Частный и притом совершенно доверительный прием кардинала в Гайд-парке
состоялся впервые. На таком свидании, подальше от любопытных глаз, настоял
Гопкинс. Правда, Рузвельт и сам склонялся к мысли, что нужно найти путь к
обходу сопротивления, которое евангелическое большинство Америки оказывало
установлению прямой связи с Ватиканом. Такая связь была необходима.
Следовало использовать влияние католической столицы на Италию и Испанию. Эти
страны должны были войти в "нейтральный блок". Рузвельт замыслил создать его
еще в начале войны в Европе, но не мог найти способ установить связь с
Ватиканом, роль которого в этом деле ему казалась очень существенной.
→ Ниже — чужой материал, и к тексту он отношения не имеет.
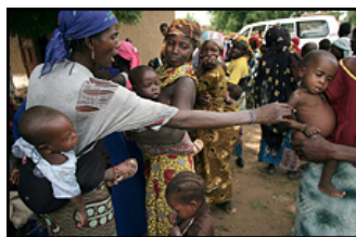
On the edge of the Sahara desert in Western Africa, international aid workers try to help hundreds of thousands of children facing malnutrition because of food shortages created by drought and high prices.

The food crisis in Niger continues as the death toll mounts despite attempts to bring in foreign aid. While nearly $20 million has been contributed by foreign donors, tangible assistance often arrives after many in an area have died. Some say the U.N. underestimated the depth of the crisis early on, making timely aid difficult at this stage in the crisis.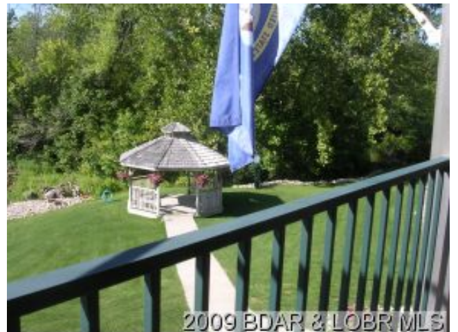
2009 BDAR & LOBR MLS Walkway to Gazebo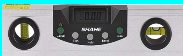
DLI (With Infra-red beam) L. C. 0.05°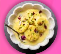
Kesar Badam Flavour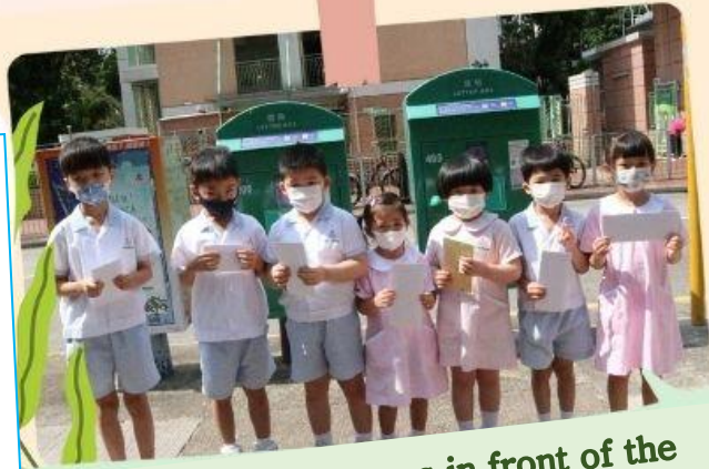
Let's take pictures in front of the mailbox!

С
одной стороны лицо, которое осуществляло бы такую связь, должно было быть
достаточно аккредитованным, чтобы внушить к себе доверие папского двора, с
другой - не должно было быть прямо связано с государственным департаментом.
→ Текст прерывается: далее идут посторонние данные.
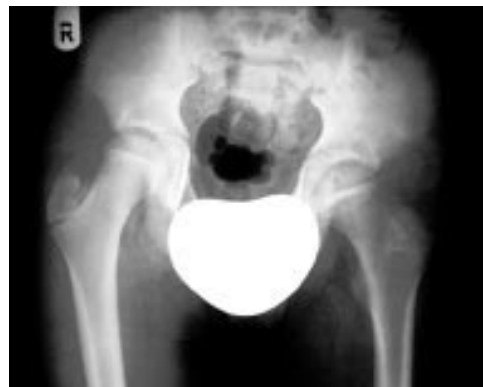
Figure 1 Calcified mass in the abductor mechanism of the left hip.

Myositis ossificans is the formation of mature bone outside the skeleton. Although it is an entirely benign condition, it is nevertheless an important condition because in its early stages presentation may be difficult to distinguish both clinically and radiologically from a soft tissue tumour such as rhabdomyosarcoma, which is the commonest soft tissue sarcoma in this patient's age group. 2 Other differential diagnoses would include a calcifying haematoma, slipped capital femoral epiphysis and septic arthritis. The other important learning point is that any child with a persisting limp should be evaluated radiologically with two views including a frog lateral because conditions such as slipped capital femoral epiphysis are easily missed on the AP view alone.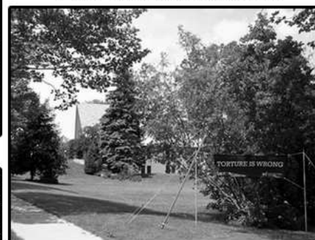
Northside Community Church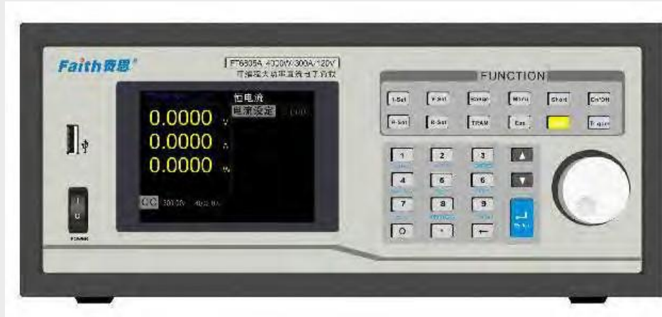
FT6800 series high-power DC electronic load (2.6kW-72kW)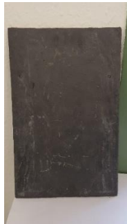
natural slate roof finish – Cupa-H Spanish slates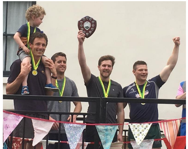
(2018 Tetbury Woolsack Men's Team Champions)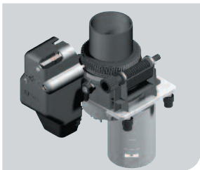
Flat blade professional grinder MF1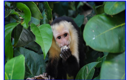
Puerto Limon, Costa Rica

HURRY to Reserve NOW for best availability! ~ Very Limited availability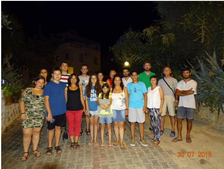
Photo of people after observing juvenile turtle's walk to the sea.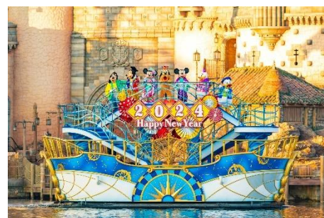
“New Year's Greeting” in 2024

From January 1 through 13, 2025, Mickey, Minnie and other Disney friends will be dressed in special New Year's outfits and appear aboard a boat adorned with festive decorations to share their New Year's greetings with guests.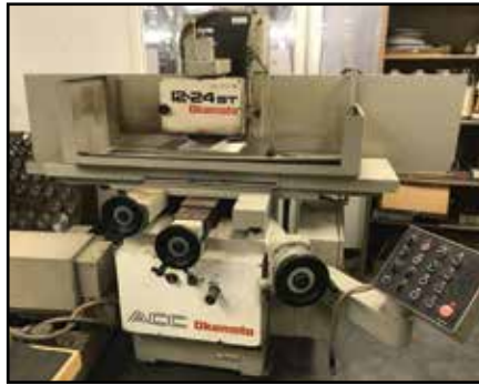
OKAMOTO 12" x 24" Rotary Surface Grinder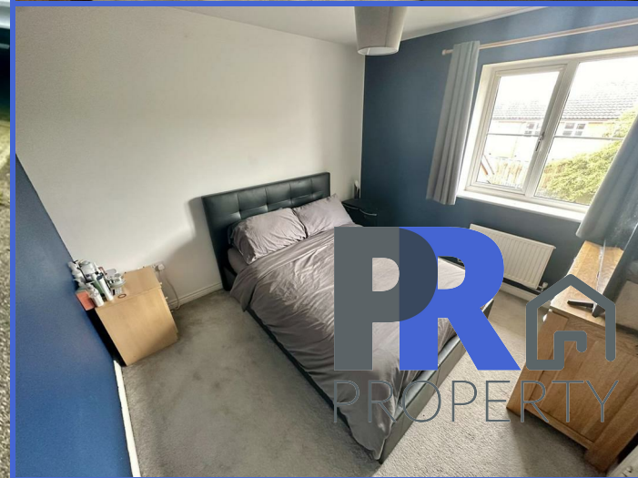
8 Fossett Grove, Dunstable, LU6 3FJ £290,000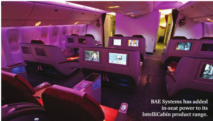
BAE Systems has added in-seat power to its IntelliCabin product range.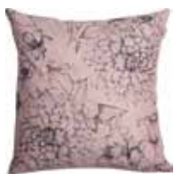
Cushion Madleine 3 colors available 45x45 cm 22,99 Euro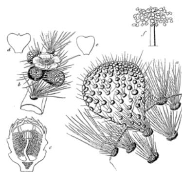
Fig. 14: Opuntia galapageia from the original description from HENSLOW (1837, p. 467). The sketch at the top right corner (f) is by Ch. Darwin.

Jasminocereus thouarsii (Cactaceae), Bestand des Säulenkaktus, Santiago.

Посылка американского посла в Ватикан противоречила бы конституции Штатов.
Выход предложил Гопкинс: направить в Ватикан личного представителя
президента.
Вопрос согласовали с Ватиканом через Спеллмана, который и явился
сегодня к Рузвельту, чтобы предложить кандидатуру на новый пост. В первый
момент Рузвельта ошеломило имя Тэйлора. Но, поразмыслив, он оценил тонкость
замысла: протестант по вероисповеданию, Майрон Тэйлор не мог вызвать у
американцев такого раздражения в качестве посланца в столицу католицизма,
какое вызвал бы правоверный католик. К тому же Тэйлор располагал широкими
деловыми связями с правящими кругами Италии и был не последним человеком в
группе Моргана. Попросту говоря, он был человеком Моргана.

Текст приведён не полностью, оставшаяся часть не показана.